**TASK TO COMPLETE:** Transcribe the entries below word for word, beginning at the line with "获取网络接口信息,用于判断是" and stopping after the line with "岡山さん(2年)の『むしゃん"; drop all pictures.

**SOURCE MATERIAL:**
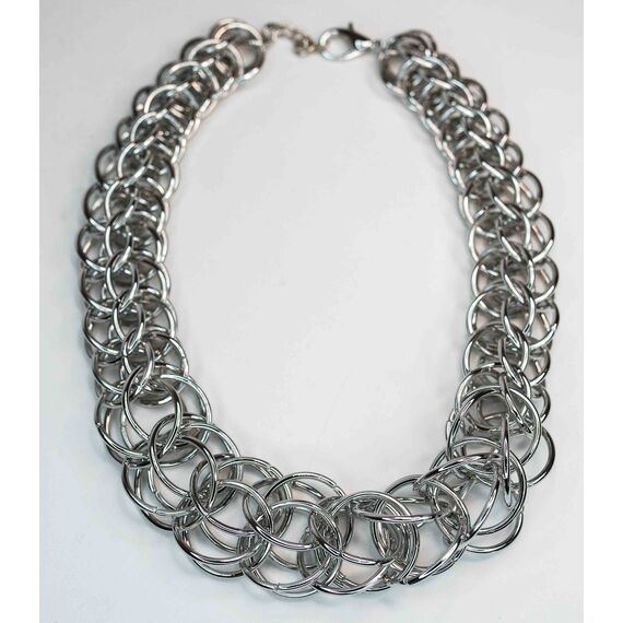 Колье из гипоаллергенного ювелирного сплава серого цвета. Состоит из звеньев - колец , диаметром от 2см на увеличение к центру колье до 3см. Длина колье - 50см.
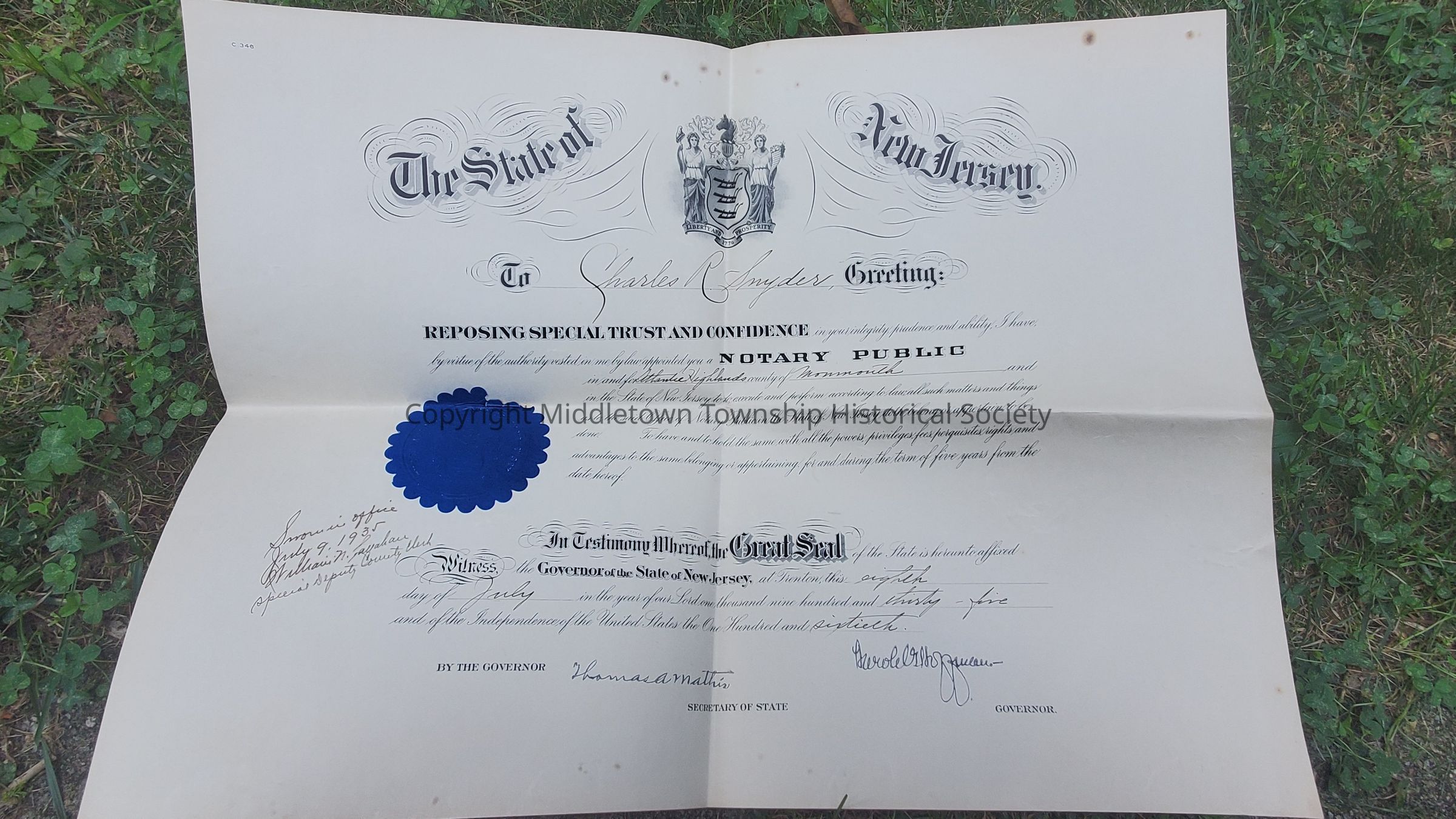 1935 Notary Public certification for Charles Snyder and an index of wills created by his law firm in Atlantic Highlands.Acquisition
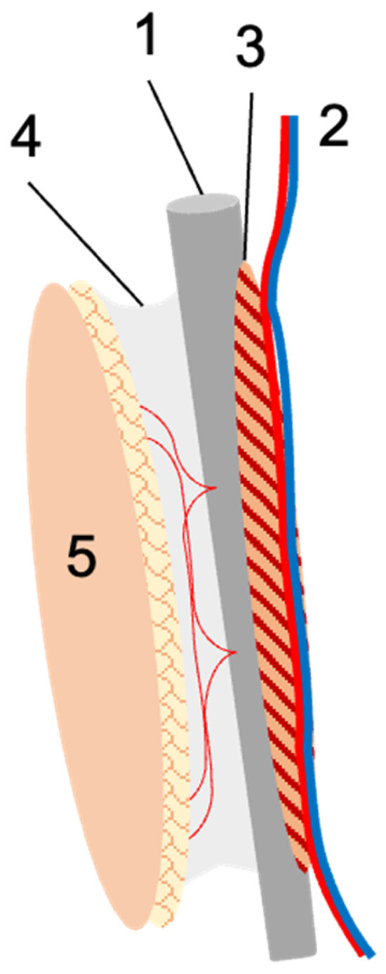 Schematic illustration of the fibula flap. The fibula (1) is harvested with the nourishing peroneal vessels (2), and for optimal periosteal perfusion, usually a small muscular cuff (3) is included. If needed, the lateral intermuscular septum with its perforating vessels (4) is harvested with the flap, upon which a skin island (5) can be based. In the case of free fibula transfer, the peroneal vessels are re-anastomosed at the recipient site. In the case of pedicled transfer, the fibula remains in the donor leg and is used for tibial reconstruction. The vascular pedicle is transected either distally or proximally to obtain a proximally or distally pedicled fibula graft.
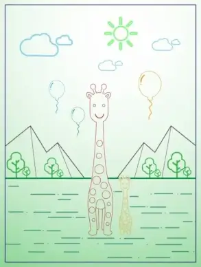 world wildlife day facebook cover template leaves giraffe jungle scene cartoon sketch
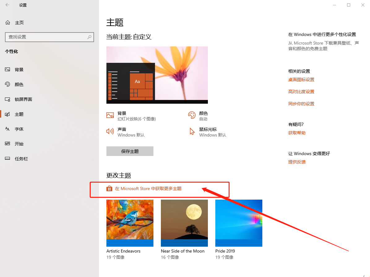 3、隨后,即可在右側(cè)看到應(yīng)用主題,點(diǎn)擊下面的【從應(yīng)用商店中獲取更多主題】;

---

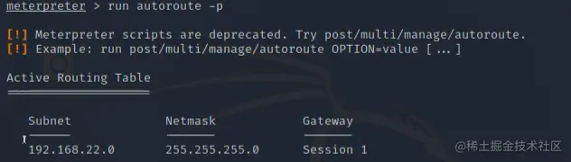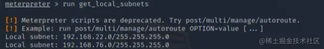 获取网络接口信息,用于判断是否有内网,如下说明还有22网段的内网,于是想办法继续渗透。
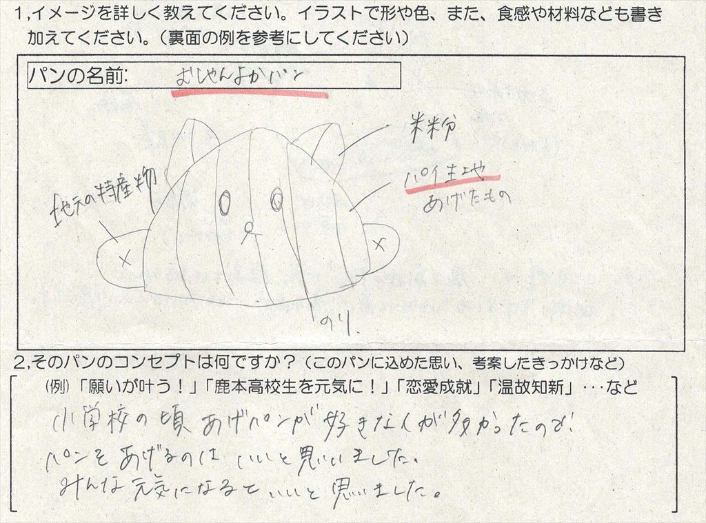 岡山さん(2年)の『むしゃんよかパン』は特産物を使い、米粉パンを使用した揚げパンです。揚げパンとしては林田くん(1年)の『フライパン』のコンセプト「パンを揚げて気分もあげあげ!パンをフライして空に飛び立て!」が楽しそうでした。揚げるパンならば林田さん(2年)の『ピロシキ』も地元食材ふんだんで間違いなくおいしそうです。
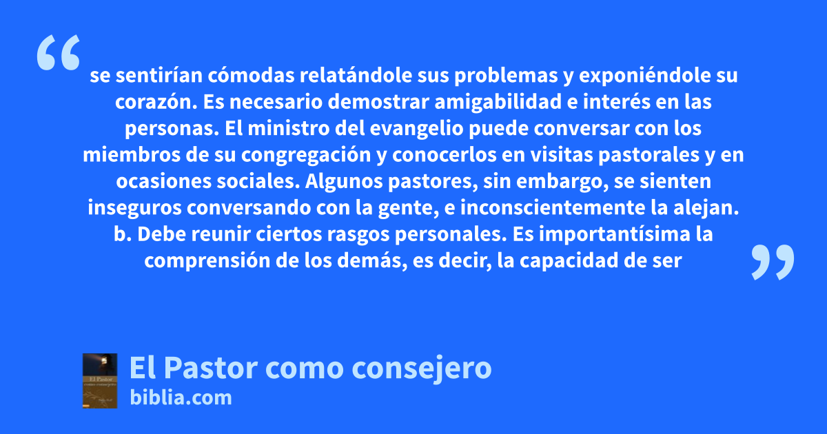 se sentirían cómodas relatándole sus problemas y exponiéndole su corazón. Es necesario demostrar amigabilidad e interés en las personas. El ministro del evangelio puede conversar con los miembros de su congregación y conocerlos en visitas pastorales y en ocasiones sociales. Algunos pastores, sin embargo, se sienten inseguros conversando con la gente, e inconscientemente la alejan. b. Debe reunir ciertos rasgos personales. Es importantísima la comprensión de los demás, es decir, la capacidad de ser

**EXERCISE SOLUTION:**
 获取网络接口信息,用于判断是否有内网,如下说明还有22网段的内网,于是想办法继续渗透。
 岡山さん(2年)の『むしゃんよかパン』は特産物を使い、米粉パンを使用した揚げパンです。揚げパンとしては林田くん(1年)の『フライパン』のコンセプト「パンを揚げて気分もあげあげ!パンをフライして空に飛び立て!」が楽しそうでした。揚げるパンならば林田さん(2年)の『ピロシキ』も地元食材ふんだんで間違いなくおいしそうです。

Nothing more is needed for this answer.